---- Records supplied
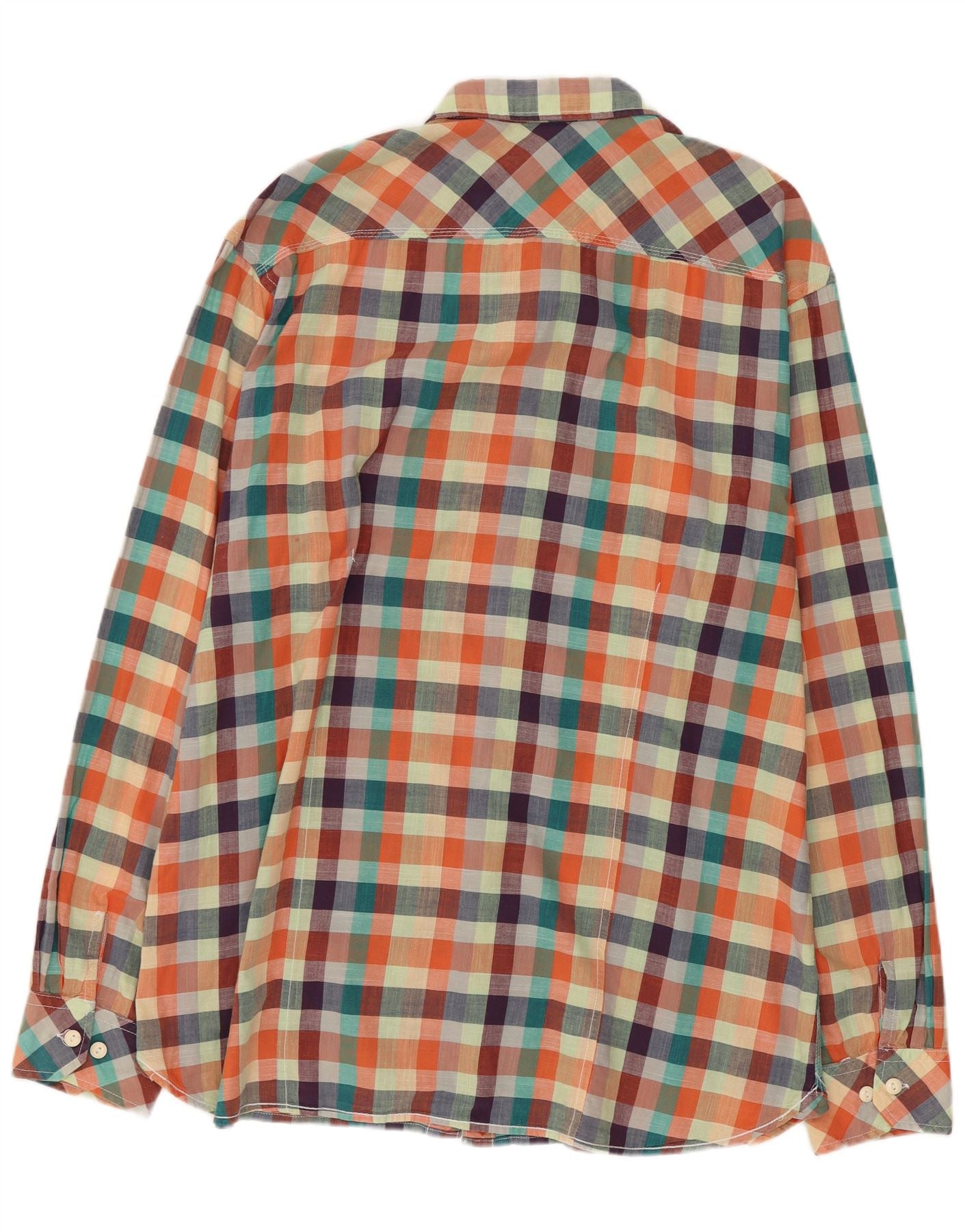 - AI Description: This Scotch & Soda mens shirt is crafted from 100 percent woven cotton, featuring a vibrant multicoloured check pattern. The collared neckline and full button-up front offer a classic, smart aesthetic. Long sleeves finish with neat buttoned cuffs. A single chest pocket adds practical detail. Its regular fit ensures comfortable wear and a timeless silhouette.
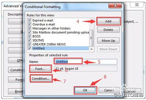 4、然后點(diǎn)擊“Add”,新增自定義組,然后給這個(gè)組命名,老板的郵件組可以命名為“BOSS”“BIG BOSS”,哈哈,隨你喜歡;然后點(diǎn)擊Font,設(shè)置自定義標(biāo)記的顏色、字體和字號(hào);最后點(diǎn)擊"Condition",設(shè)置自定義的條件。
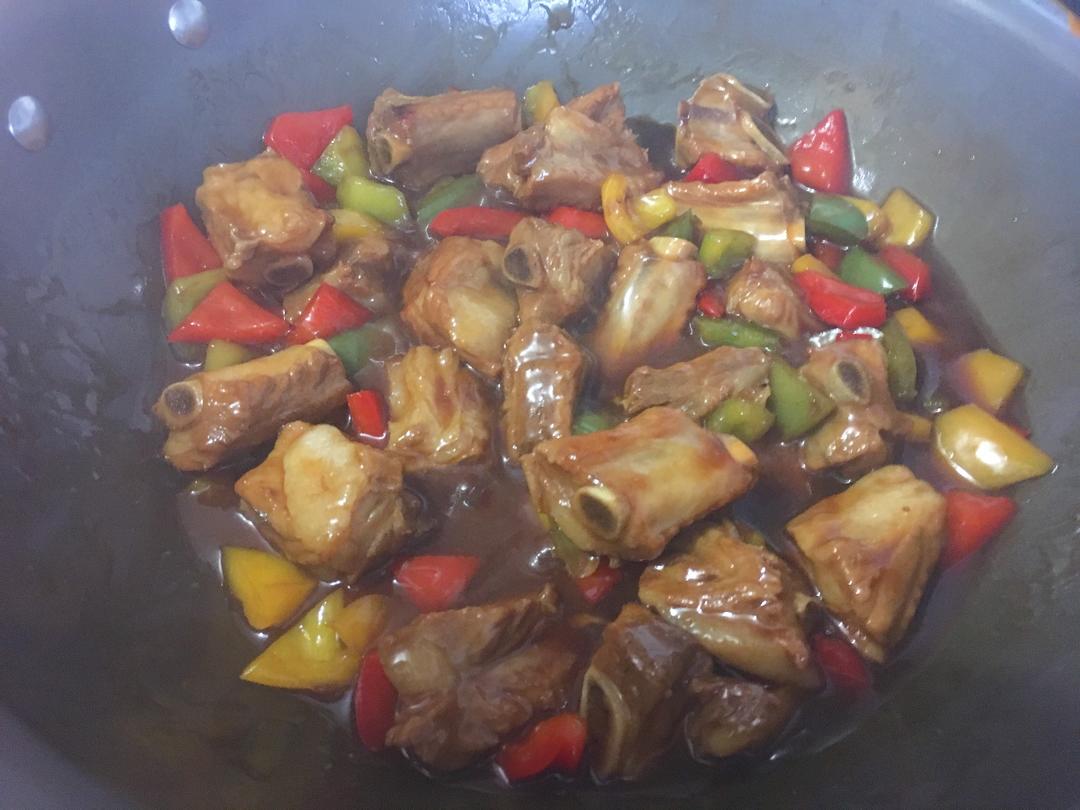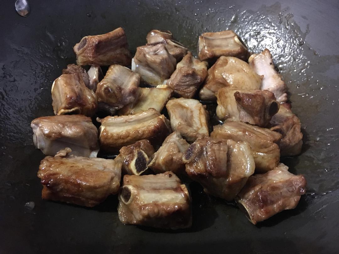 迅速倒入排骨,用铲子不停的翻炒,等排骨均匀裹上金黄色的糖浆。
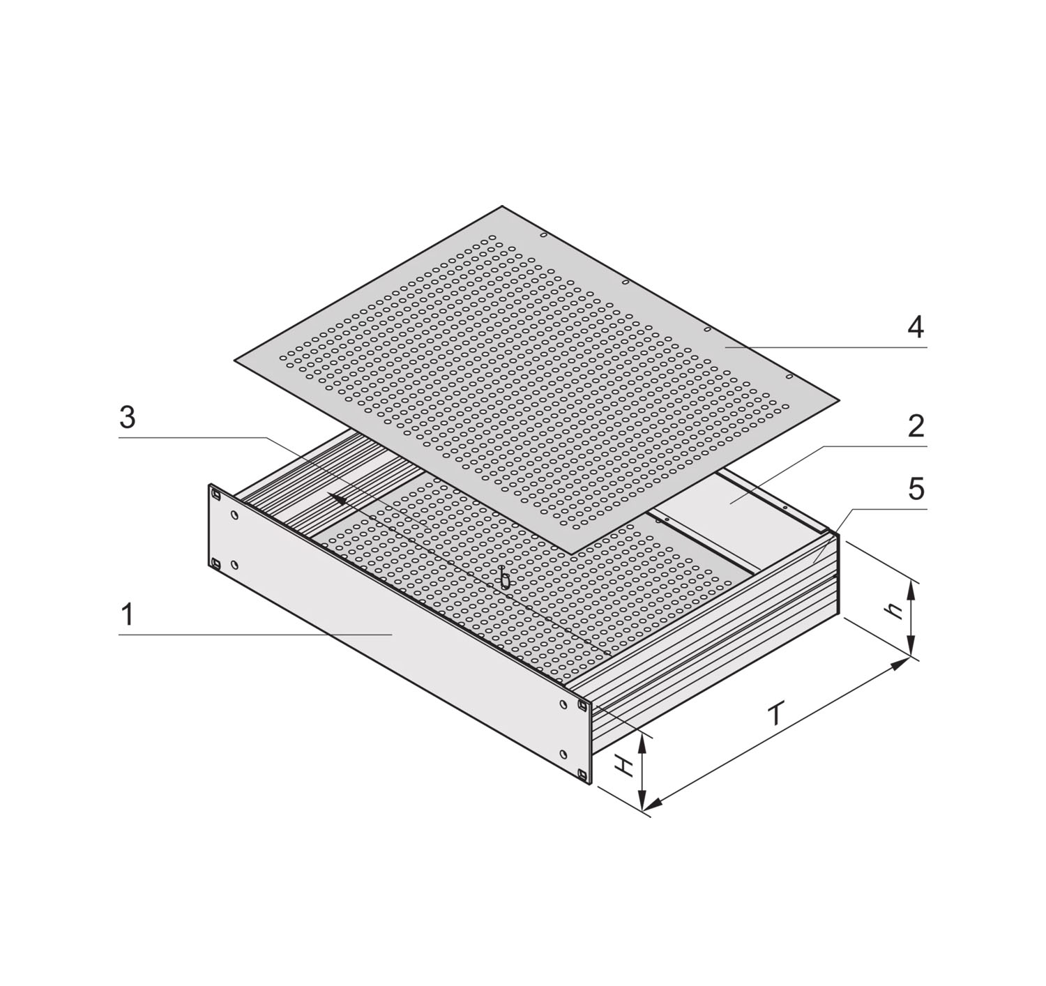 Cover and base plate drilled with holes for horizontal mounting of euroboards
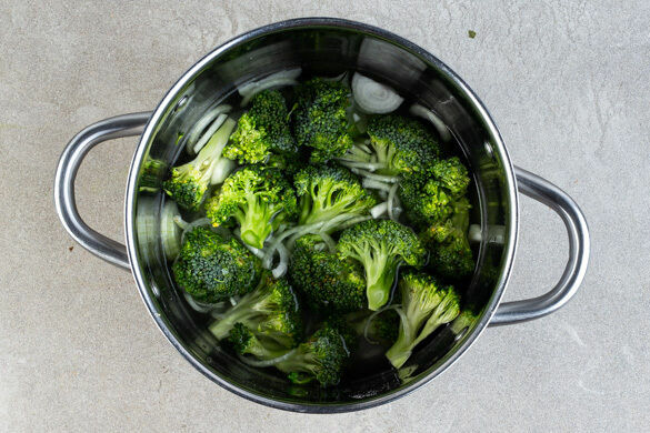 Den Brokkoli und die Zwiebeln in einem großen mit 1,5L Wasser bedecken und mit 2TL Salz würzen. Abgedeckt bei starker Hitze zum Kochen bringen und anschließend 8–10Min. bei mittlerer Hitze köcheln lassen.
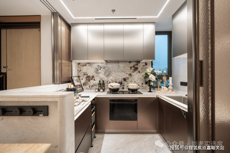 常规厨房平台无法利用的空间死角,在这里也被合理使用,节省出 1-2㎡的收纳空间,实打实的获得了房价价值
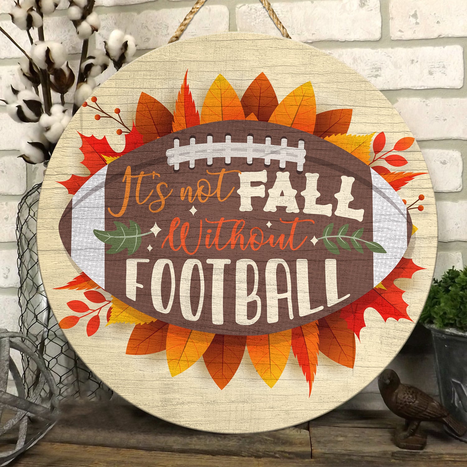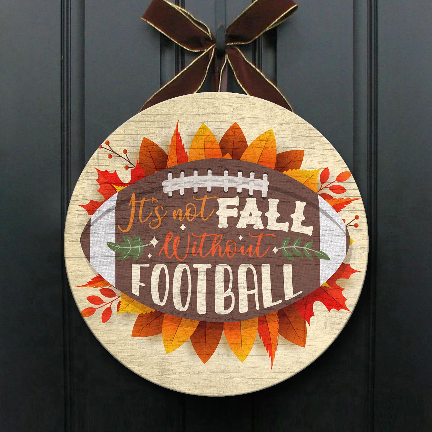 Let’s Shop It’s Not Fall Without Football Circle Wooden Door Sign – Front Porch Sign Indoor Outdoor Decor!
--------
#### [Work instructions]
Output only the lines running from the top of the data above to the line with "Cover and base", inclusive, word for word and without pictures.

#### [Answer to this exercise]
 - AI Description: This Scotch & Soda mens shirt is crafted from 100 percent woven cotton, featuring a vibrant multicoloured check pattern. The collared neckline and full button-up front offer a classic, smart aesthetic. Long sleeves finish with neat buttoned cuffs. A single chest pocket adds practical detail. Its regular fit ensures comfortable wear and a timeless silhouette.
 4、然后點(diǎn)擊“Add”,新增自定義組,然后給這個(gè)組命名,老板的郵件組可以命名為“BOSS”“BIG BOSS”,哈哈,隨你喜歡;然后點(diǎn)擊Font,設(shè)置自定義標(biāo)記的顏色、字體和字號(hào);最后點(diǎn)擊"Condition",設(shè)置自定義的條件。
 迅速倒入排骨,用铲子不停的翻炒,等排骨均匀裹上金黄色的糖浆。
 Cover and base plate drilled with holes for horizontal mounting of euroboards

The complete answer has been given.